Two police officers arrived at the family home.

Ms Hall continued: “I started to scream, I just knew, it was a mother’s instinct. I felt as if my heart had been ripped out. My whole world fell apart in those two seconds.

“The policewoman didn’t even get the words out. I wouldn’t let her say it. Deep down, I knew what she was going to say.”

When the officer told her what had happened, she collapsed.

“It was the longest night of my life,” she said.

Ms Hall then had to break the heartrending news to Ashleigh’s sisters, Olivia, six, Ellie, four, and Evie, one.

“I told them that Ashleigh had gone missing. My sixyear- old, Olivia, said: ‘She is going to get into trouble when she comes home.’ “After my dad had identified the body, I took Olivia and Ellie into the lounge and said, ‘You know that Ashleigh was missing. Well, we have found her.’ “They asked: ‘Is she coming home?’ I said, ‘No, she can’t come home because some nasty man has killed her’.”

Ashleigh, a former Hurworth School pupil was studying childcare at Darlington College and was hoping to work with children in the future.

Ms Hall said: “Ashleigh was my rock. We were on our own for 11 years because I had my three other daughters late. Because of that she was also my friend as well as my daughter.

“She helped me constantly with the others. She babysat, ironed, changed nappies, she did everything I asked her to.

“She fed, washed and bathed them because she had a loving nature.

“I would give her a little bit of pocket money for helping round the house and she used every penny to top up her phone to chat to her friends.

“She was always talking and texting and on her computer.

As soon as she got in from college, she would be on using MSN to talk to her friends, even though she had been with them all day.”

The former Brownie and Guide did not have a boyfriend.

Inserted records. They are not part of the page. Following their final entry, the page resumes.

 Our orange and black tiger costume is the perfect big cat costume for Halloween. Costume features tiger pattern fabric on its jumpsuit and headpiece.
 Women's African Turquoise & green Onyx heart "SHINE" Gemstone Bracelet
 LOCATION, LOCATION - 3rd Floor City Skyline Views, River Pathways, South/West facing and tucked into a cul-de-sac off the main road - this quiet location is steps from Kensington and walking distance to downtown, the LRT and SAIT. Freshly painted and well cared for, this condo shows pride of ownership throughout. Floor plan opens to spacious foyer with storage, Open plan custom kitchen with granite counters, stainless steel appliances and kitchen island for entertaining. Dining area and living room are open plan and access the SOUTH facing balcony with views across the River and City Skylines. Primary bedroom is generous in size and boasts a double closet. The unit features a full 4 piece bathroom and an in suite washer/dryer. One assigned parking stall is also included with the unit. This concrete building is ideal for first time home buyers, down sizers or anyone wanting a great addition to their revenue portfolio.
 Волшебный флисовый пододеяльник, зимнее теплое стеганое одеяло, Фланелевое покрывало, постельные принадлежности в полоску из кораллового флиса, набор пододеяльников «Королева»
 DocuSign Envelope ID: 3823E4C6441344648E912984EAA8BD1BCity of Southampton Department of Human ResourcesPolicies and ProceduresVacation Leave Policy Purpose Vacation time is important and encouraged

“She did have one recently but it only lasted about three days,” Ms Hall said. “She was not that bothered about boys, although she would tell me if she fancied a particular lad.

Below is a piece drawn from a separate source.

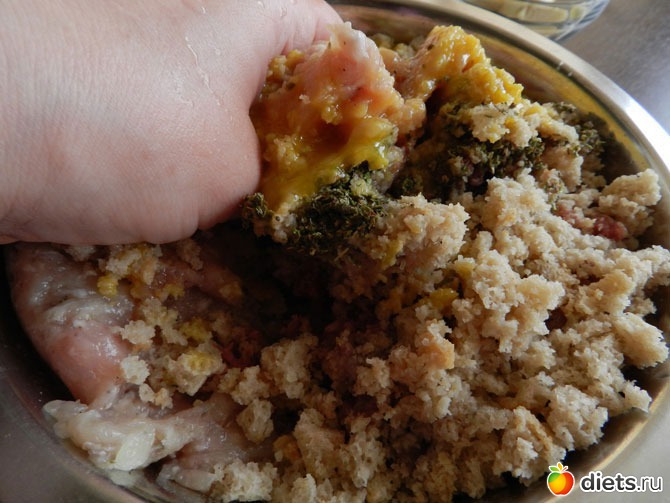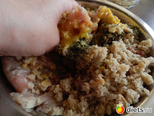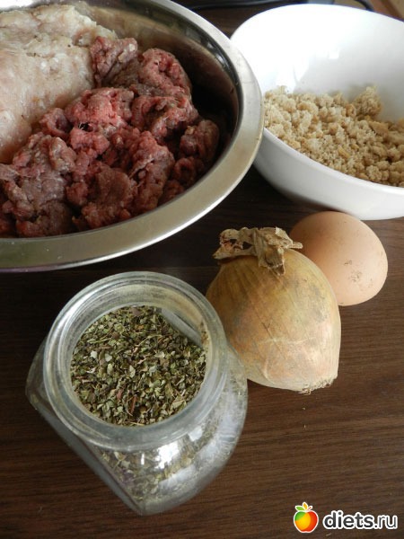Смешиваем оба сорта фарша, добавляем отжатые сухари, яйцо, майоран, натёртый на мелкой тёрке лук репчатый, соль и перец. Тщательно вымешиваем.
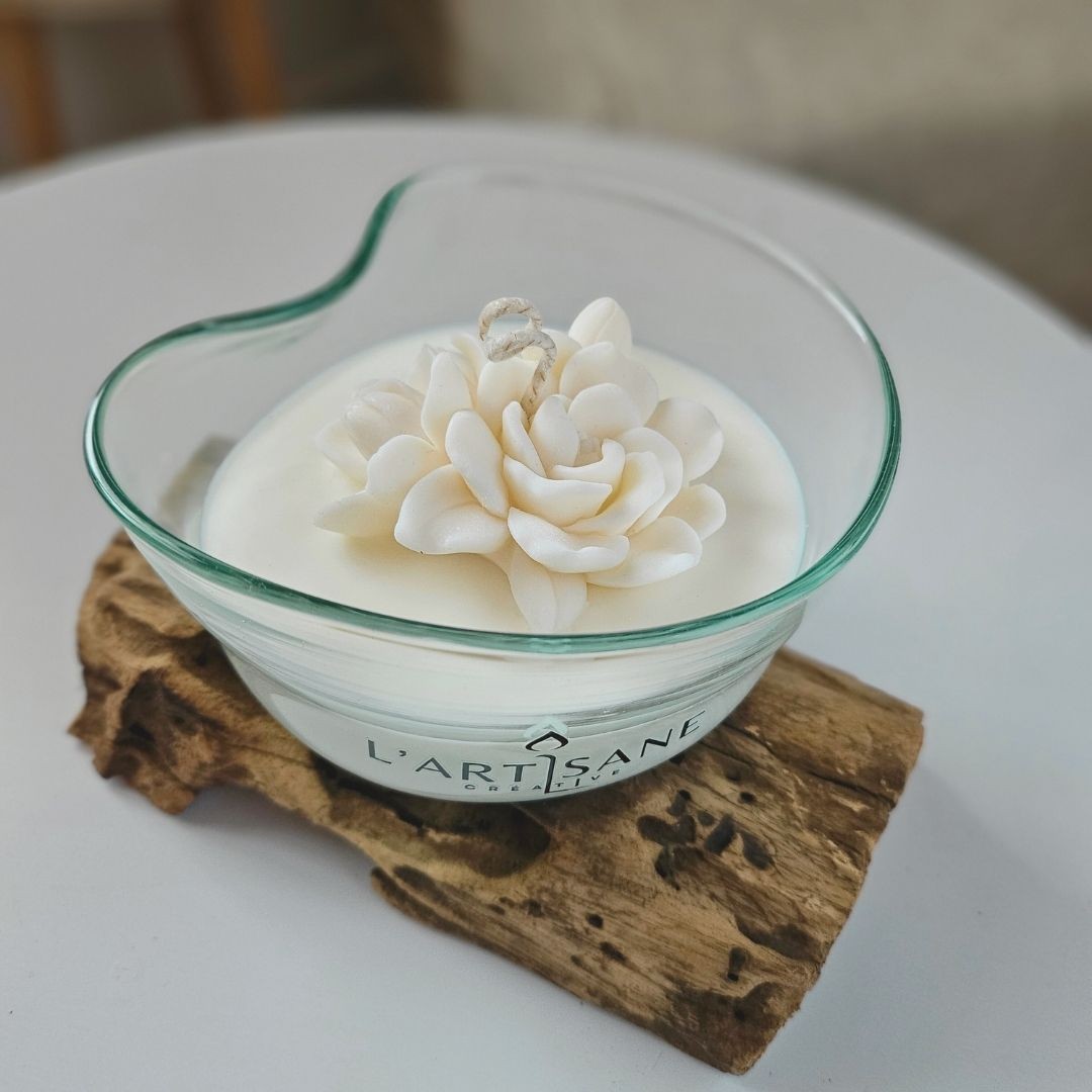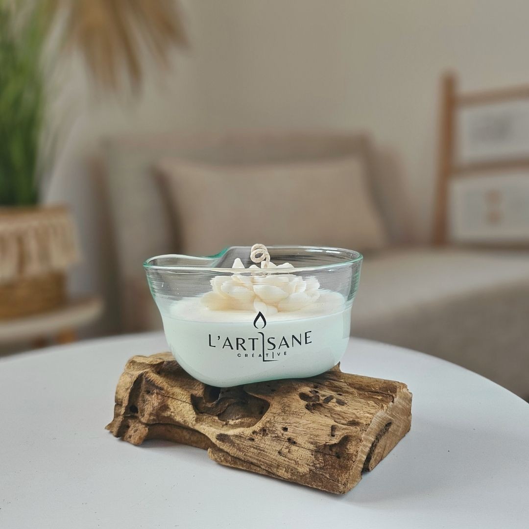 Le verre est directement ajusté à la racine, puis rempli d’une cire végétale coulée à la main dans l’atelier. Sur le dessus, une fleur en cire végétale vient compléter la bougie et apporter une touche décorative douce et naturelle.

“I knew exactly where she was most of the time. She would never slip off without telling me.

“Ashleigh wasn’t a bad kid.

She wasn’t naughty. She made one mistake and has paid for it with her life.”

Returning into Ashleigh’s bedroom and seeing her possessions provoked mixed reactions from Ms Hall.

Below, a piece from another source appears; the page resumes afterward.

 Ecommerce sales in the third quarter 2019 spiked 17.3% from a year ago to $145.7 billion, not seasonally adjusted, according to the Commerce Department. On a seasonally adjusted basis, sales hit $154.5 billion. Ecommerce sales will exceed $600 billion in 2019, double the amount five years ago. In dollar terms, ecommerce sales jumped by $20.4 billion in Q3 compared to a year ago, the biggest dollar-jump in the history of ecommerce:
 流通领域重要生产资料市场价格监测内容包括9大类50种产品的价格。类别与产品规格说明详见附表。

“Her smell was everywhere and it felt like she was still here. She was still in the house,” she said.

“There was a big pile of dirty clothes lying in the middle of the floor where she had dumped them.

“Like any teenager, she just took her clothes off and left them on the floor, thinking it was my job to pick them up.

“That was the hardest part, picking up those clothes, knowing she would never wear them again.

“But holding them did give me some comfort – it again made me feel that she was still in the house.

“Any moment now I expect to hear her music blasting down the stairs and me shouting for her to turn it down.”

Ms Hall has also taken comfort in the outpouring of sympathy from the local community She has also called for tighter restrictions on internet networking sites to prevent people putting up false pictures and information and more awareness to prevent another tragedy such as this occurring.

Ms Hall said: “She said she would never add a stranger as a friend on Facebook.

“She had about 400 friends on Facebook but she knew every single one of them.

“We can’t imagine how she got to be friends with someone she didn’t know.”

Facebook has said it was deeply saddened by Ashleigh’s death. It said the site has a number of privacy settings to prevent unwanted people viewing your profile.

■ Peter Chapman, 32, of no fixed address, will appear before Teesside Crown Court on Tuesday charged with kidnap, manslaughter and failing to identify a new address as required by the Sex Offences Act.